Data items:
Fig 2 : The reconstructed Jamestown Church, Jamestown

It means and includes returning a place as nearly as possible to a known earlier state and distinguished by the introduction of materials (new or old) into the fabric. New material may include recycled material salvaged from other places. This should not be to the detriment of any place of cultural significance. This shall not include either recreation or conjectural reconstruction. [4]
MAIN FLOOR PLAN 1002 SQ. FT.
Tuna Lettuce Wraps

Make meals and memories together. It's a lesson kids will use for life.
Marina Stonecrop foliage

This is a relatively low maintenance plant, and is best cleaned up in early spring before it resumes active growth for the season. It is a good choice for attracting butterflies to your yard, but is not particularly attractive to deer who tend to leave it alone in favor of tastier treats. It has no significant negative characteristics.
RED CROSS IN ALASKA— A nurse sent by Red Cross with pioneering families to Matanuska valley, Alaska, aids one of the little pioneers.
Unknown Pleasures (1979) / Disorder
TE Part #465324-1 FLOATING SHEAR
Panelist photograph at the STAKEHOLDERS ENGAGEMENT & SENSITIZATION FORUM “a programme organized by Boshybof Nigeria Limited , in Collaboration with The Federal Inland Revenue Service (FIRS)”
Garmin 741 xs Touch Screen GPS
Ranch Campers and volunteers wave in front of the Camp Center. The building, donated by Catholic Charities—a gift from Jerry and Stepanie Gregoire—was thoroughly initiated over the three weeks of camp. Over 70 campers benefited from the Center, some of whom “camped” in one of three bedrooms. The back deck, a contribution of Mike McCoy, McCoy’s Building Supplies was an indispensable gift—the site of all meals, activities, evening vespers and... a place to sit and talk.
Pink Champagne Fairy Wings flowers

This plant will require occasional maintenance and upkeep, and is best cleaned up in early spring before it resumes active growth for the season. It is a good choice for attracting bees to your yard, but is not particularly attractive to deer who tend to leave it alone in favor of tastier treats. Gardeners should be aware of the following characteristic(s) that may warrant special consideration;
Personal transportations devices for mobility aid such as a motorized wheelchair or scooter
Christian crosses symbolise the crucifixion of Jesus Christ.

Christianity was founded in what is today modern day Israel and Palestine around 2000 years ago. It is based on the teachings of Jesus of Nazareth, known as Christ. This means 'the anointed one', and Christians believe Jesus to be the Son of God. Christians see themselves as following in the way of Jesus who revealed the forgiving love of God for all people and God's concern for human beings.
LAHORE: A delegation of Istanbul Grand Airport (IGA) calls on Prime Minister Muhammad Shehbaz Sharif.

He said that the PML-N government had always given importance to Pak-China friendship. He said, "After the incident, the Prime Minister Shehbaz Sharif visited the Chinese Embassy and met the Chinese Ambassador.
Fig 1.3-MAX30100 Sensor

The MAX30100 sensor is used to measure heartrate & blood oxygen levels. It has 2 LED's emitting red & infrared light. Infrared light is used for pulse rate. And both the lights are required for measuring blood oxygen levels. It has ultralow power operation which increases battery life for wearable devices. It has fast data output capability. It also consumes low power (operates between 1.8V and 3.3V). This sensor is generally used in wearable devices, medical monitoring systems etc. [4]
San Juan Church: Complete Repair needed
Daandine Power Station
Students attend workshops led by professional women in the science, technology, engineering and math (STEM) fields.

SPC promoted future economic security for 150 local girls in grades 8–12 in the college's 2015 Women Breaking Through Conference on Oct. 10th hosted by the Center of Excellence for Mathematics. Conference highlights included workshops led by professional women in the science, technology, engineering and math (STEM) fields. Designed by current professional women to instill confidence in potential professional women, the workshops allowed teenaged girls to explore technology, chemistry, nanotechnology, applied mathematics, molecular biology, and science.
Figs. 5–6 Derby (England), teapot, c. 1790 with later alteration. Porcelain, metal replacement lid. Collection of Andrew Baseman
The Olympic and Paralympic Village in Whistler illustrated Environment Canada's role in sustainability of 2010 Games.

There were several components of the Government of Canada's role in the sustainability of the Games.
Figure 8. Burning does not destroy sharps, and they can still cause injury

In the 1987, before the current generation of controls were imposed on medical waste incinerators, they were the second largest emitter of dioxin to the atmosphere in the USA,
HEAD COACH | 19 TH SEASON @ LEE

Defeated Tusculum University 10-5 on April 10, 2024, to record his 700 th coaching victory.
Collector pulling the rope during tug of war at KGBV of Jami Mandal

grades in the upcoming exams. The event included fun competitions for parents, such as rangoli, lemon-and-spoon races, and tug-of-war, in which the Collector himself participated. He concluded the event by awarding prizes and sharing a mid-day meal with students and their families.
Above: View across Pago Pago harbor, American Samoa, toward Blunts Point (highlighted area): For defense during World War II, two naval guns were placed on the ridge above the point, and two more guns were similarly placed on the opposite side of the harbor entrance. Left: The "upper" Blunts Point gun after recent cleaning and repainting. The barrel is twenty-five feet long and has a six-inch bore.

▸ TASK DIRECTIONS: Set every record down again, exactly as given.

▸ EXERCISE ANSWER:
Fig 2 : The reconstructed Jamestown Church, Jamestown

It means and includes returning a place as nearly as possible to a known earlier state and distinguished by the introduction of materials (new or old) into the fabric. New material may include recycled material salvaged from other places. This should not be to the detriment of any place of cultural significance. This shall not include either recreation or conjectural reconstruction. [4]
MAIN FLOOR PLAN 1002 SQ. FT.
Tuna Lettuce Wraps

Make meals and memories together. It's a lesson kids will use for life.
Marina Stonecrop foliage

This is a relatively low maintenance plant, and is best cleaned up in early spring before it resumes active growth for the season. It is a good choice for attracting butterflies to your yard, but is not particularly attractive to deer who tend to leave it alone in favor of tastier treats. It has no significant negative characteristics.
RED CROSS IN ALASKA— A nurse sent by Red Cross with pioneering families to Matanuska valley, Alaska, aids one of the little pioneers.
Unknown Pleasures (1979) / Disorder
TE Part #465324-1 FLOATING SHEAR
Panelist photograph at the STAKEHOLDERS ENGAGEMENT & SENSITIZATION FORUM “a programme organized by Boshybof Nigeria Limited , in Collaboration with The Federal Inland Revenue Service (FIRS)”
Garmin 741 xs Touch Screen GPS
Ranch Campers and volunteers wave in front of the Camp Center. The building, donated by Catholic Charities—a gift from Jerry and Stepanie Gregoire—was thoroughly initiated over the three weeks of camp. Over 70 campers benefited from the Center, some of whom “camped” in one of three bedrooms. The back deck, a contribution of Mike McCoy, McCoy’s Building Supplies was an indispensable gift—the site of all meals, activities, evening vespers and... a place to sit and talk.
Pink Champagne Fairy Wings flowers

This plant will require occasional maintenance and upkeep, and is best cleaned up in early spring before it resumes active growth for the season. It is a good choice for attracting bees to your yard, but is not particularly attractive to deer who tend to leave it alone in favor of tastier treats. Gardeners should be aware of the following characteristic(s) that may warrant special consideration;
Personal transportations devices for mobility aid such as a motorized wheelchair or scooter
Christian crosses symbolise the crucifixion of Jesus Christ.

Christianity was founded in what is today modern day Israel and Palestine around 2000 years ago. It is based on the teachings of Jesus of Nazareth, known as Christ. This means 'the anointed one', and Christians believe Jesus to be the Son of God. Christians see themselves as following in the way of Jesus who revealed the forgiving love of God for all people and God's concern for human beings.
LAHORE: A delegation of Istanbul Grand Airport (IGA) calls on Prime Minister Muhammad Shehbaz Sharif.

He said that the PML-N government had always given importance to Pak-China friendship. He said, "After the incident, the Prime Minister Shehbaz Sharif visited the Chinese Embassy and met the Chinese Ambassador.
Fig 1.3-MAX30100 Sensor

The MAX30100 sensor is used to measure heartrate & blood oxygen levels. It has 2 LED's emitting red & infrared light. Infrared light is used for pulse rate. And both the lights are required for measuring blood oxygen levels. It has ultralow power operation which increases battery life for wearable devices. It has fast data output capability. It also consumes low power (operates between 1.8V and 3.3V). This sensor is generally used in wearable devices, medical monitoring systems etc. [4]
San Juan Church: Complete Repair needed
Daandine Power Station
Students attend workshops led by professional women in the science, technology, engineering and math (STEM) fields.

SPC promoted future economic security for 150 local girls in grades 8–12 in the college's 2015 Women Breaking Through Conference on Oct. 10th hosted by the Center of Excellence for Mathematics. Conference highlights included workshops led by professional women in the science, technology, engineering and math (STEM) fields. Designed by current professional women to instill confidence in potential professional women, the workshops allowed teenaged girls to explore technology, chemistry, nanotechnology, applied mathematics, molecular biology, and science.
Figs. 5–6 Derby (England), teapot, c. 1790 with later alteration. Porcelain, metal replacement lid. Collection of Andrew Baseman
The Olympic and Paralympic Village in Whistler illustrated Environment Canada's role in sustainability of 2010 Games.

There were several components of the Government of Canada's role in the sustainability of the Games.
Figure 8. Burning does not destroy sharps, and they can still cause injury

In the 1987, before the current generation of controls were imposed on medical waste incinerators, they were the second largest emitter of dioxin to the atmosphere in the USA,
HEAD COACH | 19 TH SEASON @ LEE

Defeated Tusculum University 10-5 on April 10, 2024, to record his 700 th coaching victory.
Collector pulling the rope during tug of war at KGBV of Jami Mandal

grades in the upcoming exams. The event included fun competitions for parents, such as rangoli, lemon-and-spoon races, and tug-of-war, in which the Collector himself participated. He concluded the event by awarding prizes and sharing a mid-day meal with students and their families.
Above: View across Pago Pago harbor, American Samoa, toward Blunts Point (highlighted area): For defense during World War II, two naval guns were placed on the ridge above the point, and two more guns were similarly placed on the opposite side of the harbor entrance. Left: The "upper" Blunts Point gun after recent cleaning and repainting. The barrel is twenty-five feet long and has a six-inch bore.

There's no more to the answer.